2. The Progressive Corporation (NYSE:PGR)

  • Number of hedge fund holders: 85

The Progressive Corporation (NYSE:PGR) is a leading American insurance company that provides auto and health insurance solutions. By the end of 2022, Progressive became the largest auto insurer in the United States. The company was founded in 1937 by Jack Green and Joseph M. Lewis.

BMO Capital Markets has reaffirmed its positive outlook on The Progressive Corporation (NYSE:PGR) and maintained an Outperform rating with a $235.00 price target. The company reported unexpected organic growth in progressive passenger auto insurance in May, in contrast to the typical seasonal slowdown as summer approaches. The growth prompted BMO Capital Markets to raise its earnings per share estimates for The Progressive Corporation (NYSE:PGR), although EPS missed in May due to high catastrophe losses.

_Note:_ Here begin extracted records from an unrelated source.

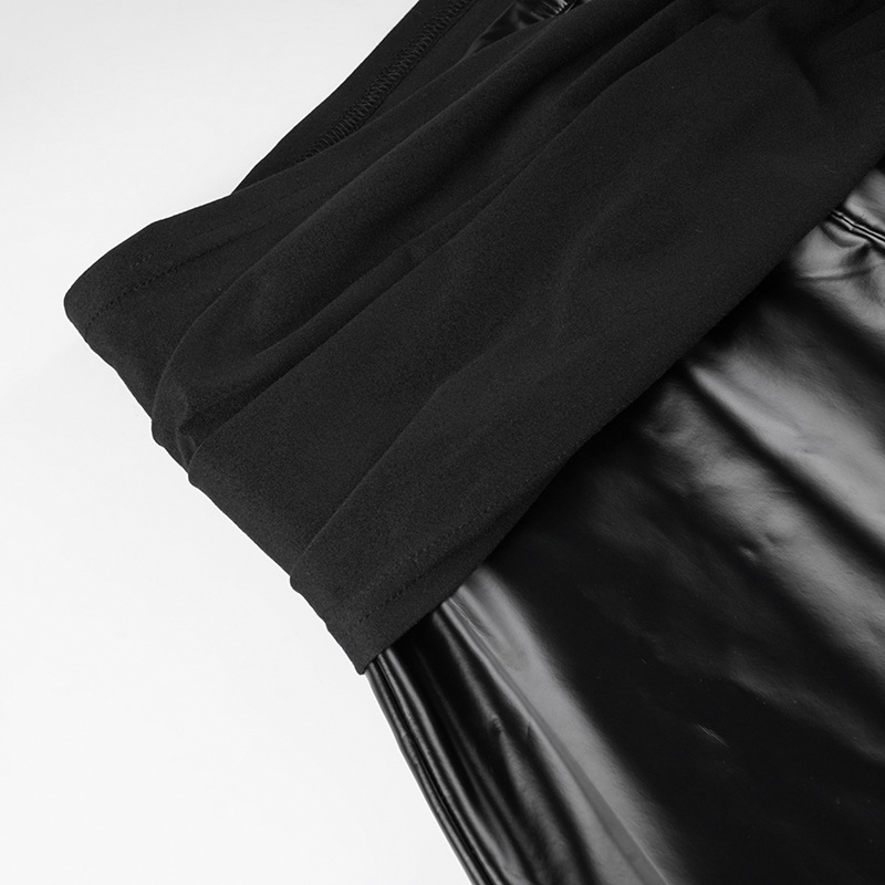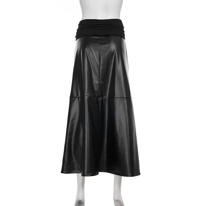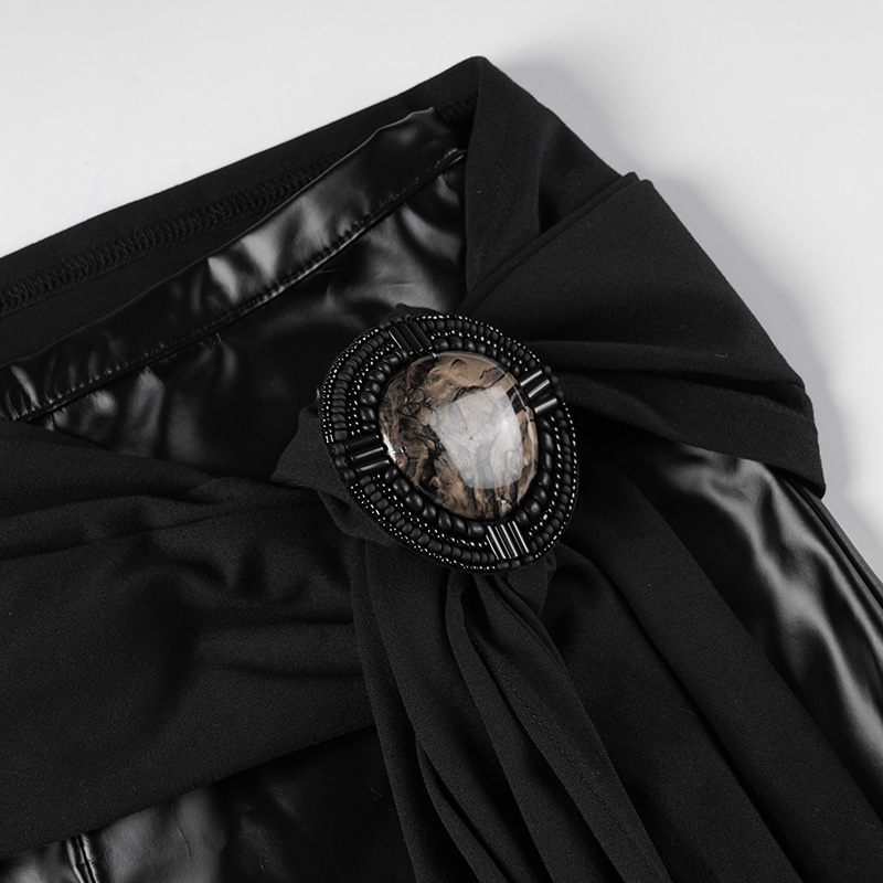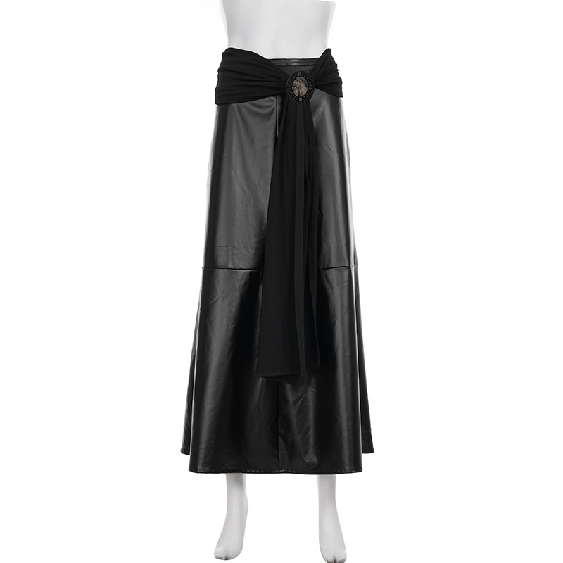 Gothic tribal boho round belted low-waist black leather maxi skirt
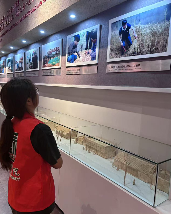 近日,滁州學院三下鄉(xiāng)社會實踐團隊走進安徽省鳳陽縣小崗村,開展以“學習沈浩精神,汲取奮進力量”為主題的社會實踐活動,深入了解沈浩同志先進事跡,并積極向當地群眾和游客宣傳沈浩精神,展現新時代青年的責任與擔當。團隊成員抵達小崗村后,首先參觀了沈浩同志先進事跡陳列館。在陳列館內,一件件實物、一幅幅照片、一段段影像資料,生動展現了沈浩同志在小崗村任職6年間,帶領村民修路筑橋、發(fā)展產業(yè)、改善民生的艱辛歷程與卓越成就。通過講解員的詳細介紹,團隊成員深刻感受到沈浩同志扎根基層、一心為民、無私奉獻的高尚品質和對這片土地的深厚情懷。
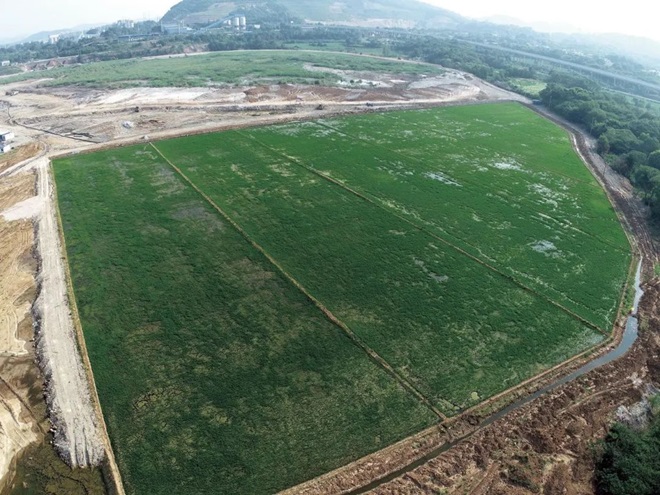 秉承綠色發展的理念,南山礦創新治理模式,利用和尚橋采場多余的廢土進行回填、土壤改良、凹山人工湖循環利用等,修復廢棄礦坑,喚醒沉睡土地,消除地質災害隱患,先期完成60畝水稻田治理。今年7月5日,南山礦采用無人機開始播撒稻種。
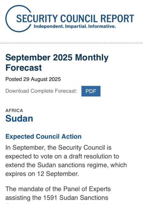 وتبرز الخلافات بين أعضاء المجلس في هذه الجولة: فروسيا تعتبر “أي تلميح لتوسيع العقوبات خارج دارفور غير مقبول”، بينما تطالب فرنسا بتوسيع نطاق العقوبات وإدراج أفراد وكيانات إضافية. وفي الوقت نفسه، تدعو بعض الدول إلى مواءمة اختصاص نظام العقوبات مع فريق الخبراء الذي يساعد لجنة العقوبات لتسهيل رصد الانتهاكات وتقديم التوصيات.
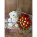 embalagem - 1 un. urso branco e rosa - 1 un. buquê de ferreiro rocher 8 uni - 1 un.
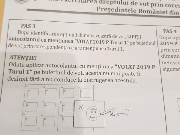 Un român stabilit la Londra a publicat pe Facebook imagini cu autocolantele cu mențiunea „Votat”, folosite la votul prin corespondență, care pot fi ușor dezlipite și relipite în căsuța unui alt candidat la alegerile prezidențiale.
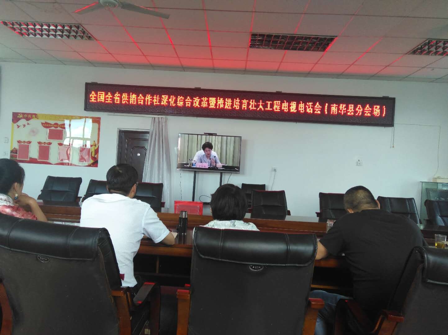 6月9日下午,县供销社组织全体干部职工在南华分会场参加全国全省供销合作社深化综合改革暨推进培育壮大工程电视电话会议。
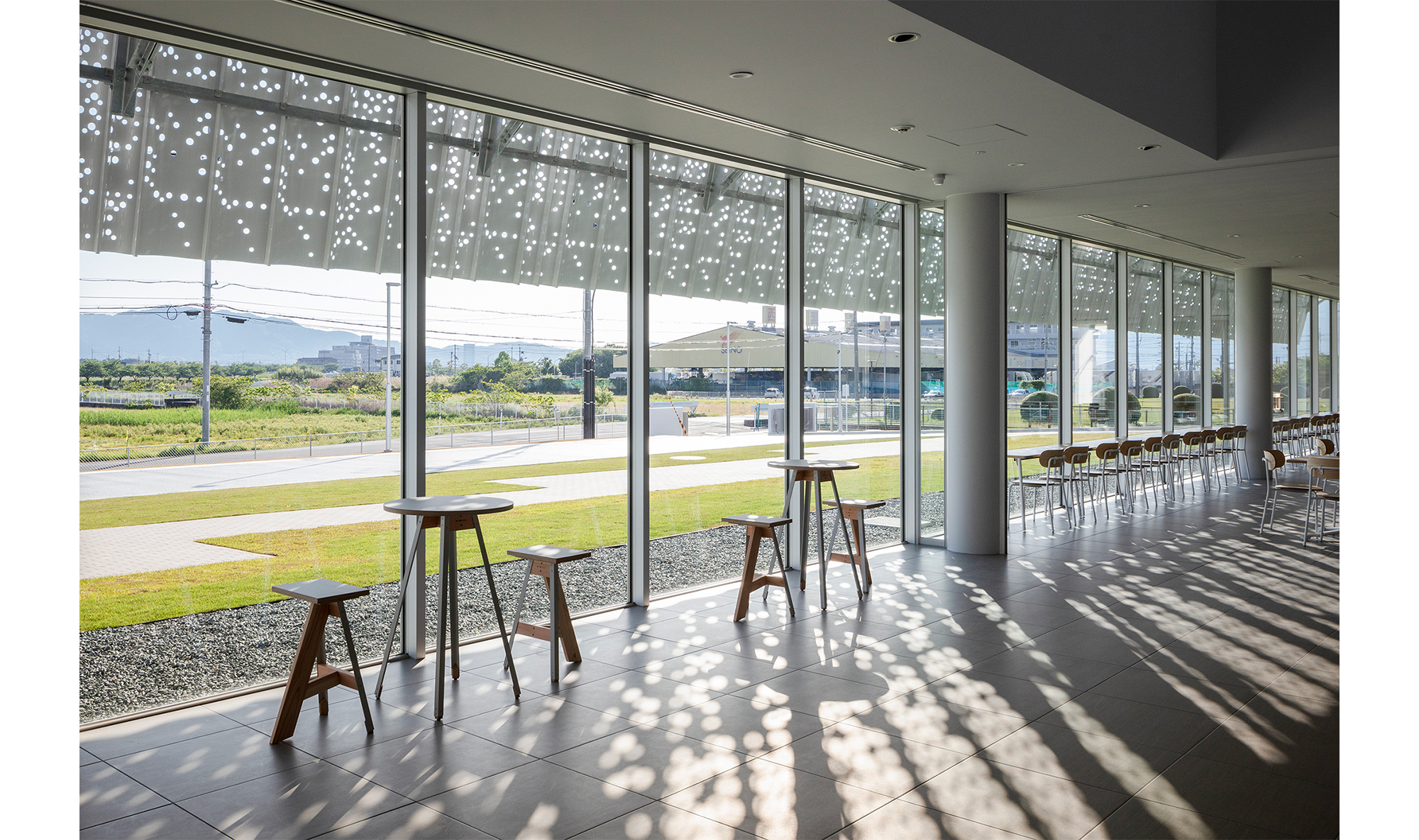 葦簀(よしず)をモチーフにした「YOSHIZU SKIN」は、強い陽射しを遮断しながら風を通し、心地のいい木漏れ日空間を創出しつつ、環境装置として機能し、建物全体として30%のエネルギー消費量の削減を実現しました。
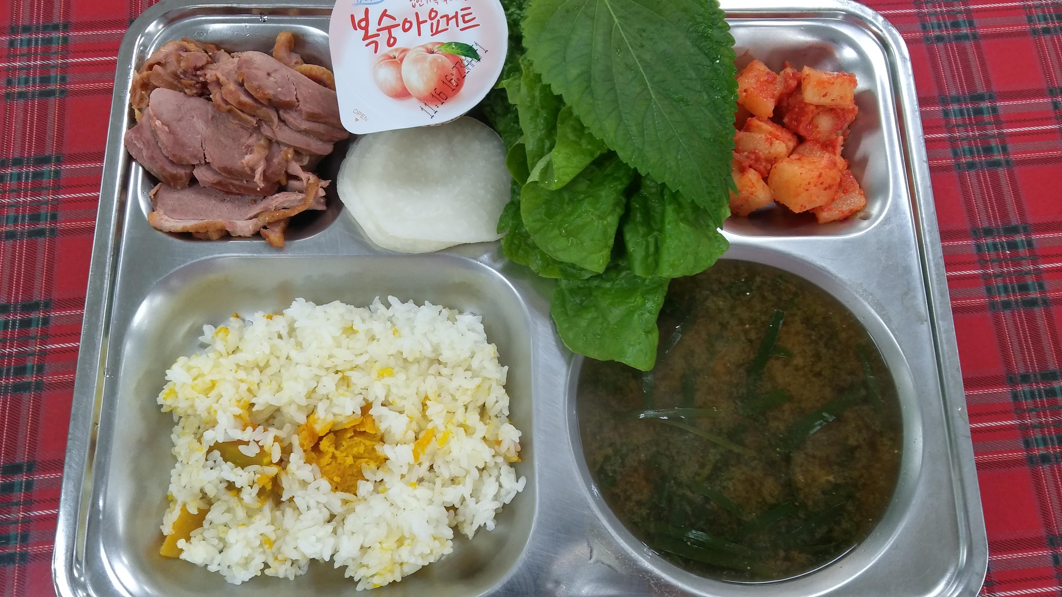7일 : 단호박밥, 부추올갱이국, 오리훈제/머스타드, 상추,깻잎/쌈장, 와인무쌈, 배추김치, 요러브복숭아
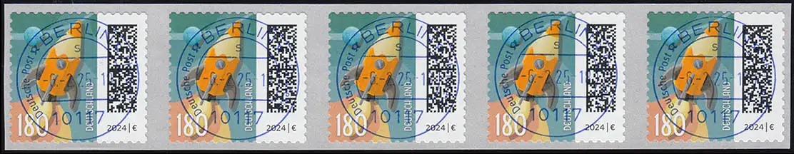 3874 Raketenpost 180 Cent sk 5000er, 5er-Streifen GERADE Nummer EV-O VS Berlin
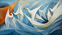 Abstracte zeemeeuwen kubisme panorama schilderij met een prachtige en unieke stijl die schitterend zal staan in elke ruimte. Dit kunstwerk is dankzij de prachtige kleuren en het stijlvolle ontwerp geschikt voor elke kamer. 100% uniek en origineel!
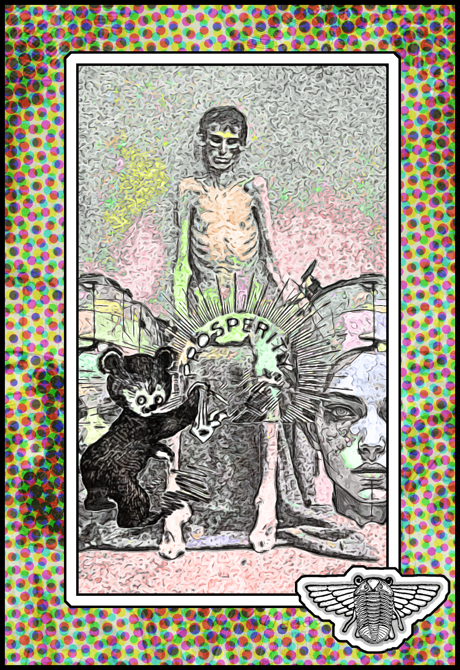Collage, no theme: top, an 1865 photo (Link1) of a survivor of the infamous Confederate prison Andersonville. I had a relative who was a P.O.W. in Andersonville. From a 1930 comic magazine (Link2), a cute toy bear points to a rising sun labelled "Prosperity". And from the art site DeviantArt, Canadian artist Xezbeth uploaded this picture of three supermodel types (Link3).
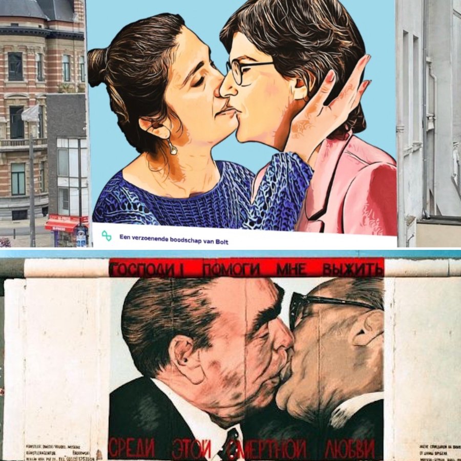 Op een gevel in Antwerpen is een muurschildering verschenen van Vlaams minister van Energie Zuhal Demir (N-VA) en federaal minister van Energie Tinne Van der Straeten (Groen) die elkaar innig kussen. Het werk is in opdracht van een energiebedrijf gemaakt. De muurschildering is verschenen op een gevel op de hoek van de Leopoldstraat en de Leopoldplaats in Antwerpen. Het was journalist Tom De Smet die het als een van de eersten opmerkte tijdens een ochtendwandeling. Hij plaatste het opmerkelijke beeld vanmiddag al op zijn Twitterprofiel: Wat hier de bedoeling van is, mag Joost weten. Zuhal en Tine botsten nogal eens als het ging om energie en energiezekerheid. Zuhal hield daarbij altijd de regelgeving voor ogen. Tine had het meer voor het groene antiekernenergiedogma. Volgens mij een wereld van verschil en het is dan ook moeilijk maar niet onmogelijk dat deze twee personen een akkoord kunnen sluiten. Hier Zuhal haar eigen woorden (Twitter) Communistische broederkussen zijn zelden goed nieuws voor de bevolking. Ik hoop dat onze samenwerking op basis van feiten en gezond verstand verloopt en niet op ideologische liefde. Verder wel een mooie ‘love is love’ campagne. |
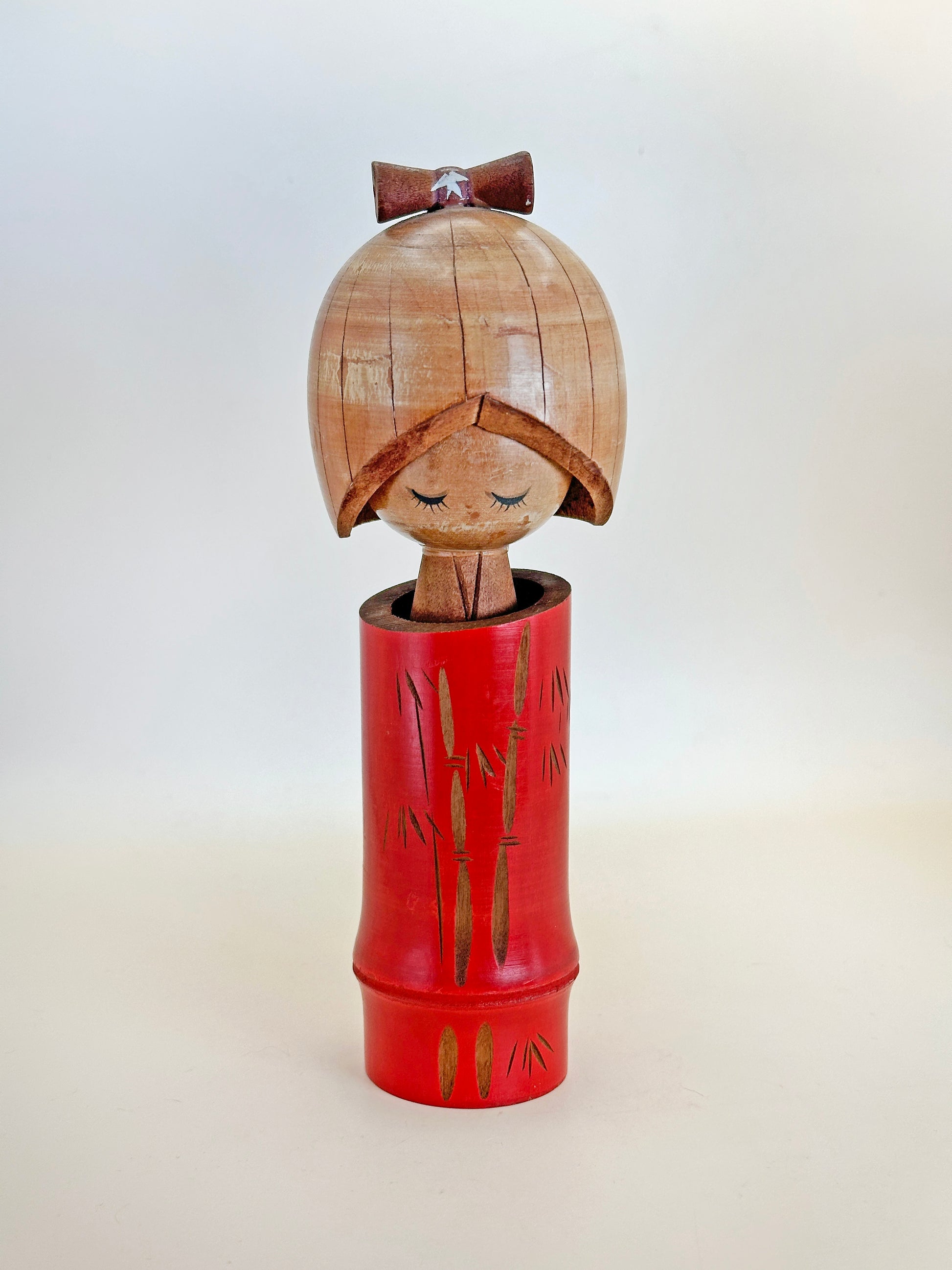 Her expression is serene and introspective, with eyes gently closed and a faint smile that suggests calm contentment. The artist has carved her hair into smooth, rounded layers framing her face, topped with a small wooden bow that adds a playful yet delicate charm. The cylindrical body is lacquered in a rich crimson tone and carved with a bamboo motif (竹) a symbol of strength, purity, and endurance in Japanese culture. The vertical lines of the bamboo pattern accentuate the doll’s slender form, while the red lacquer evokes vitality and auspicious energy.
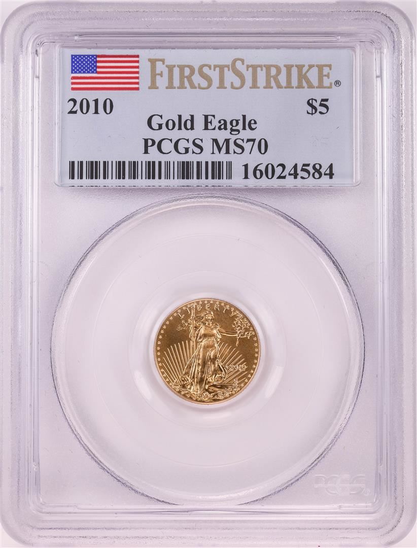One 2010 $5 American Gold Eagle Coin PCGS MS70 First Strike. PCGS Graded.
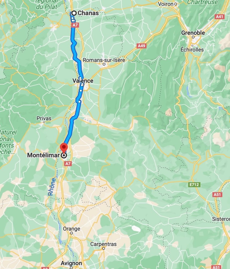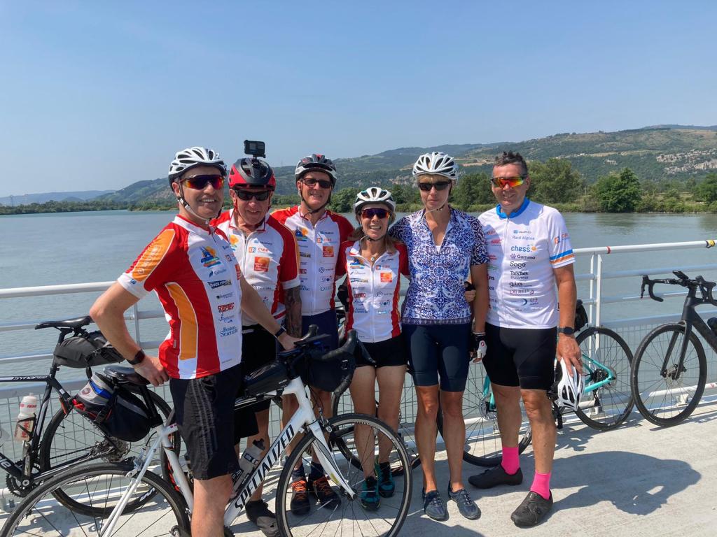Some set off early to try to beat the heat and arrive at our destination of Montelimar in record time. Those of us happy to start later enjoyed a good hotel breakfast, a few fiddly junctions and then long stretches of beautiful, riverside designated cycle ways. At around mile 25 we were looking for a suitable stop and happened upon a great boulangerie hiding behind a health centre. Just what we needed. Heading on, being blown along by the tail wind, accompanied by DJ Declan’s great playlist we soon made it to a suitable lunch stop and met the van for water and a few supplies. Just after, crossing a bridge there are kids swimming n the river and soon we see a small beach where ‘van’ Paul spots a swimming opportunity for us. We are quick to join him. The last few kilometres include wire pedestrians bridges which provide unique cycling challenges, more amazing cycle paths and a busy run-in to our destination; the town of Montelimar.
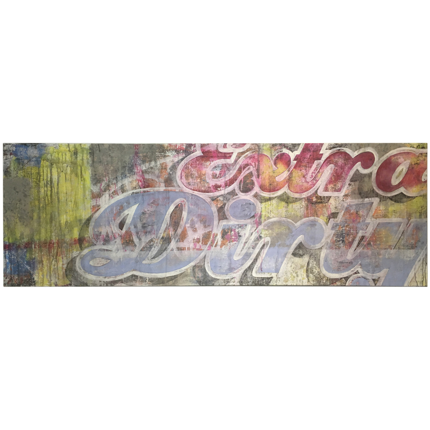 This seminal piece was made from entirely reclaimed materials that had been fly tipped outside his studio in South East London during the pandemic lockdowns. It marks the start of Hodway formally incorporating salvaged materials into his methodology. With the municipal waste disposal facilities closed and inaccessible, local tradesmen had nowhere to dispose of their building waste so dumped it wherever they could. Initially appalled, Hodway set himself the challenge to repurpose as much of these polluting eyesores as he could, with the goal of diverting them from landfill and transforming the unwanted into poignant and desirable pieces. Even the canvas was discarded by a neighbouring resident as they sought to reinvigorate the living quarters they were confined to. It was initially a mass produced portrait format painting, depicting a female flamenco dancer in a red dress. The kind one might purchase from a home furnishing, or department store. The paints Hodway has used are primarily trade decorating emulsions, with only the red being artist’s acrylic. Even this was salvaged from a neighbouring artist’s bin before being re-emulsified by Hodway to become usable once more.
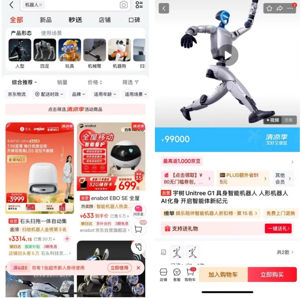 券商中國記者搜尋京東平臺發現,平臺已上架多種零售機器人,并設置了人形、四足、機械臂、玩具、機器狗以及掃地機器人等多個分類。宇樹科技也在京東平臺開設京東自營旗艦店,以其人形機器人GI為例,在該平臺的售價為99000元。

1. UnitedHealth Group Incorporated (NYSE:UNH)

  • Number of Hedge Fund Holders: 104

UnitedHealth Group Incorporated (NYSE:UNH), headquartered in Minnetonka, Minnesota, is a leading American multinational company specializing in managed healthcare services and insurance. It is a for-profit organization divided into four segments: UnitedHealthcare, Optum Health, Optum Insight, and Optum Rx.

Financial institutions are keeping a close eye on UnitedHealth Group Incorporated’s (NYSE:UNH) performance, with analysts forecasting continued growth and profitability. Notably, Piper Sandler recently maintained an “Overweight” rating on UNH shares, underscoring the company’s positive expansion prospects in the Medicare Advantage sector.

Despite its strong performance, UnitedHealth Group Incorporated (NYSE:UNH) faced challenges, including a cyberattack on its technology division that exploited a vulnerability in Citrix software. In addition, UnitedHealth Group Incorporated (NYSE:UNH) recently reported problems with Medicaid enrollment, leading to disruptions in reimbursement rates and an overall decline in health insurer stocks.